Entendendo a importância dos controles internos nas organizações

Tenho percebido em meus treinamentos pelas duvidas e perguntas de meus tão “sofridos” alunos, que a tal gestão de controles ainda necessita de muito entendimento e trabalho árduo dos profissionais de Compliance, controles internos, gestão de riscos, controladoria, auditoria e alta administração.

O triste disso tudo é perceber que a questão da cultura – assunto esse que já venho falando há muito tempo, somado as dificuldades ainda continuam enormes, pois esbarramos em vaidades, falta de interesses, necessidades pessoais, conflito de interesses, ausência de conduta, ética e profissionalismo.

Mas, quando alguma coisa dá errado na empresa, uma falha acontece, um desvio de conduta fica evidenciado, um erro causa perdas financeiras, uma fraude surge – e desculpem o sarcasmo, mas as ausências de controles causam boa parte destes problemas, os gestores questionam os profissionais de controles internos, Compliance e auditoria. Por que eles não viram tal falha nos processos?

Algumas falhas acontecem pela ausência de conhecimento do negócio, dos processos, sistemas e em alguns casos pela negligência operacional ou pessoal. Mas, como podemos mudar isso? Não é fácil pedir engajamento, pois os interesses são os princípios que permeiam a atividade do profissional de sua empresa, e até mesmo na vida. Muitos profissionais já se depararam com a seguinte frase: “o que eu vou ganhar com isso?” ou “o problema é da empresa, se não receber uma ordem expressa eu não vou fazer…”

No mundo corporativo encontramos os mesmos problemas, sejam eles em empresas pequenas, médias, grandes ou gigantescas. Desrespeito às normas, negligência as regras internas e externas, ausência de capacitação da equipe, despreparo dos gestores, enfim, resultado da incompetência de profissionais limitados às atividades exercidas.

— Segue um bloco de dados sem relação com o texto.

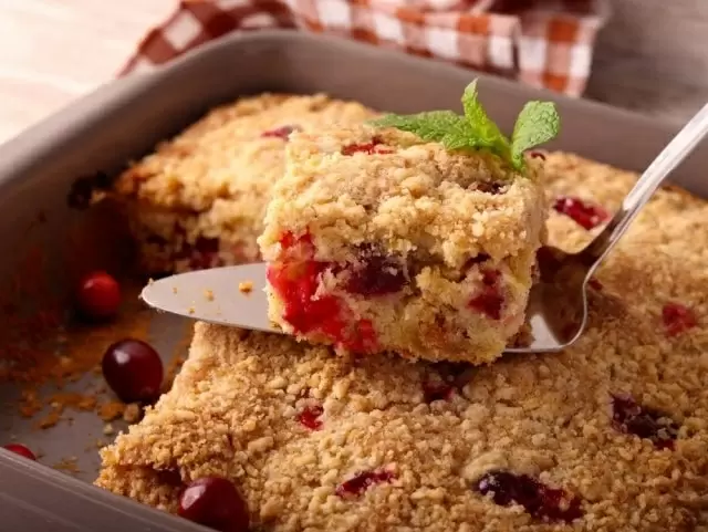 Следующим шагом станет подготовка начинки. Для этого бруснику следует перемешать с сахаром и крахмалом, а затем аккуратно выложить на слой теста. Уровень начинки можно без проблем выровнять с помощью лопатки. Оставшиеся крупинки теста распределяются сверху — это придаст печенью особенно привлекательный вид.
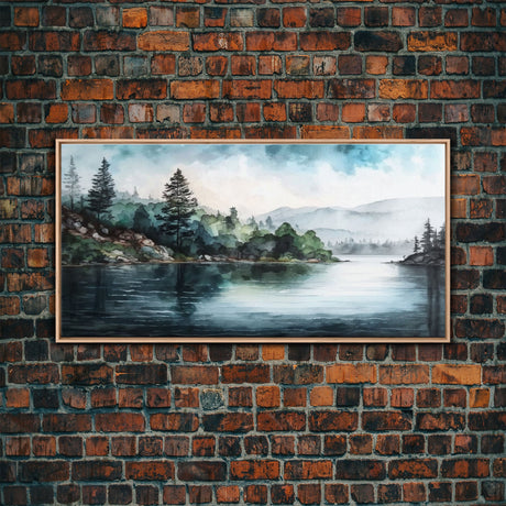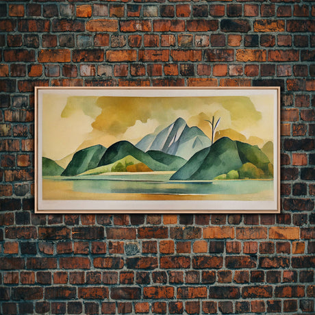 Serene Green Watercolor Landscape, Canvas Print, abstract wall art of a lake and mountains
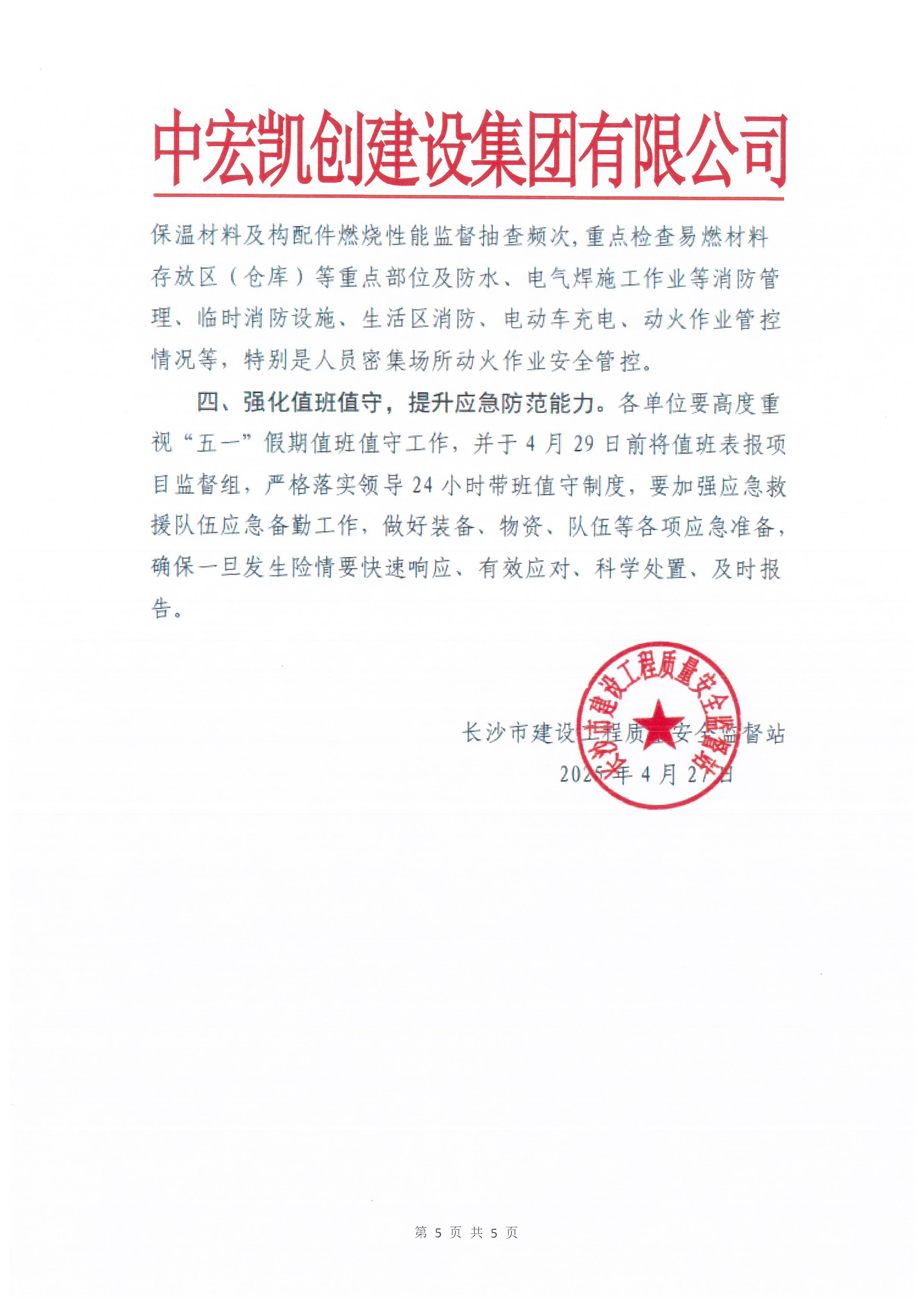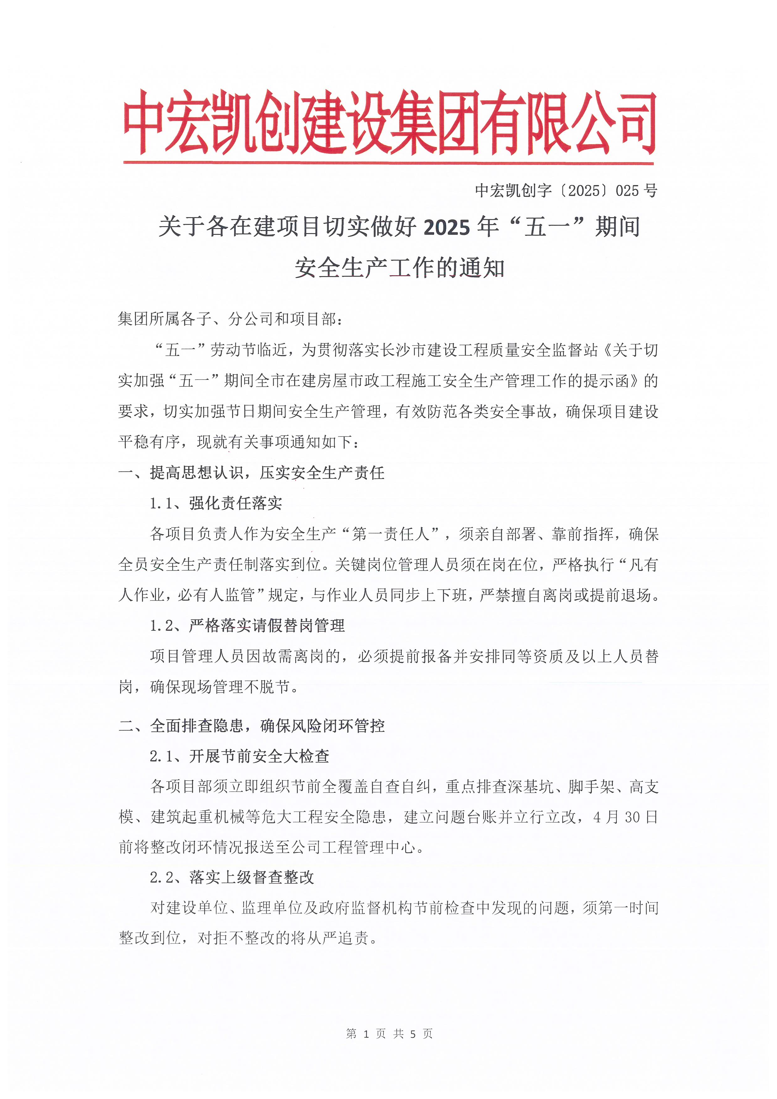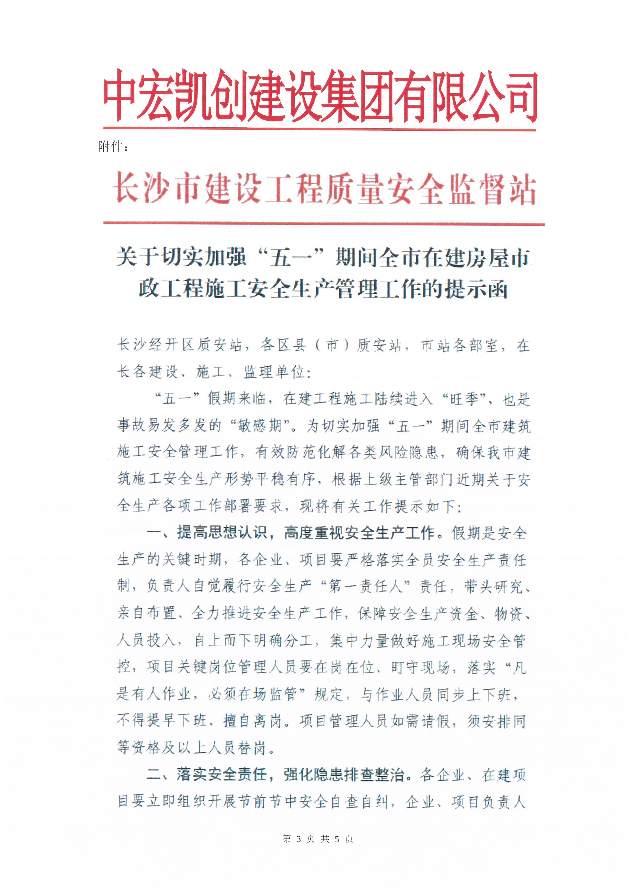 “五一”劳动节临近,为贯彻落实长沙市建设工程质量安全监督站《关于切实加强“五一”期间全市在建房屋市政工程施工安全生产管理工作的提示函》的要求,切实加强节日期间安全生产管理,有效防范各类安全事故,确保项目建设平稳有序,现就有关事项通知如下:

Portanto, devemos avaliar melhor os nossos processos de gestão de riscos e controles internos, avaliar se os profissionais indicados estão devidamente preparados para o gerenciamento de suas atividades, se existem desvios de conduta e se os normativos estão em conformidade com as atividades exercidas.

As pessoas podem cometer desvios de conduta e dos procedimentos, por achare, que estão acima das regras de compliance, ou simplesmente por desconhecimento das politicas, afinal, onde não existe regras, as pessoas agem por conta própria. Em situações como essa, não podemos recrimina-los, pois estão fazendo o que podem conforme seu conhecimento, o indicado é instruí-los para comportar-se conforme as normas.

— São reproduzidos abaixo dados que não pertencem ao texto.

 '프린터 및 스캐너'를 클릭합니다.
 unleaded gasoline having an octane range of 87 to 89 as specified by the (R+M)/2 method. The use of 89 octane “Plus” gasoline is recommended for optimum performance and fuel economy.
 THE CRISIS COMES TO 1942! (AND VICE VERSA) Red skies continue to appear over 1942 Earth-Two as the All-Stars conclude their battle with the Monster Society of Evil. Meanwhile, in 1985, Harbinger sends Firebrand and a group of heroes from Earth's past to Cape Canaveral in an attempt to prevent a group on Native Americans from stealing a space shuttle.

Informação e comunicação é o ponto alto dos controles internos e contábeis em uma organização. Devemos avaliar de que forma a informação transita e como tomamos decisões. A alta administração possuiu um grau de importância absurda na implementação de controles internos e compliance, contudo necessitam dar o exemplo para que sejam seguidos pelos colaboradores internos.

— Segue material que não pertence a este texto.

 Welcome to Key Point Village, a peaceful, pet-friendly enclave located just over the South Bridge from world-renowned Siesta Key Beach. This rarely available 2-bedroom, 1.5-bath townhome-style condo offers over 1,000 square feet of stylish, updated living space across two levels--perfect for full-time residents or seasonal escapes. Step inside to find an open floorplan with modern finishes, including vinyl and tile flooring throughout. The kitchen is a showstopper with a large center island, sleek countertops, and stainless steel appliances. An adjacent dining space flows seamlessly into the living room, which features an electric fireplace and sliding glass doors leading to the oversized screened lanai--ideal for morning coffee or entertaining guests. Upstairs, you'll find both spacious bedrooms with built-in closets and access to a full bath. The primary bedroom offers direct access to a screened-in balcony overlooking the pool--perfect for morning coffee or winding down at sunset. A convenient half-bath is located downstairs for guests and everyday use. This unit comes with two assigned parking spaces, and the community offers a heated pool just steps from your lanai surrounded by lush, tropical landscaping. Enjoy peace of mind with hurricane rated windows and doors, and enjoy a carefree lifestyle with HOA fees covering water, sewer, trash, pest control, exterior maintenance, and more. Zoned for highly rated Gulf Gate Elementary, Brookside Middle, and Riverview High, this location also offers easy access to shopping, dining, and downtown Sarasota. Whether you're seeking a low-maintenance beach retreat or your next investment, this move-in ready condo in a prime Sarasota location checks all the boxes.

Engajamento, comprometimento e competência não se compram no mercado, ao contrário, são qualificações que se conquistadas com dedicação e persistência. Podemos determinar o grau de confiabilidade de nossa empresa através do perfil do profissional na busca pela exelência, respeito às regras e normas e comprometimento com a empresa.

Por esse motivo evidenciamos a cada dia a importância dos controles internos na organização, pois a necessidade aumenta diariamente,e  com ela as falhas e riscos operacionais também, em certas ocasiões, mais rápido que os controles. Pense nisso!

*Marcos Assi é  Professor do MBA Gestão de Riscos e Compliance da Trevisan Escola de Negócios, Consultor de Governança, Riscos Financeiros e Compliance da Daryus Consultoria. e autor do livro “Controles Internos e Cultura Organizacional – como consolidar a confiança na gestão dos negócios” (Saint Paul Editora).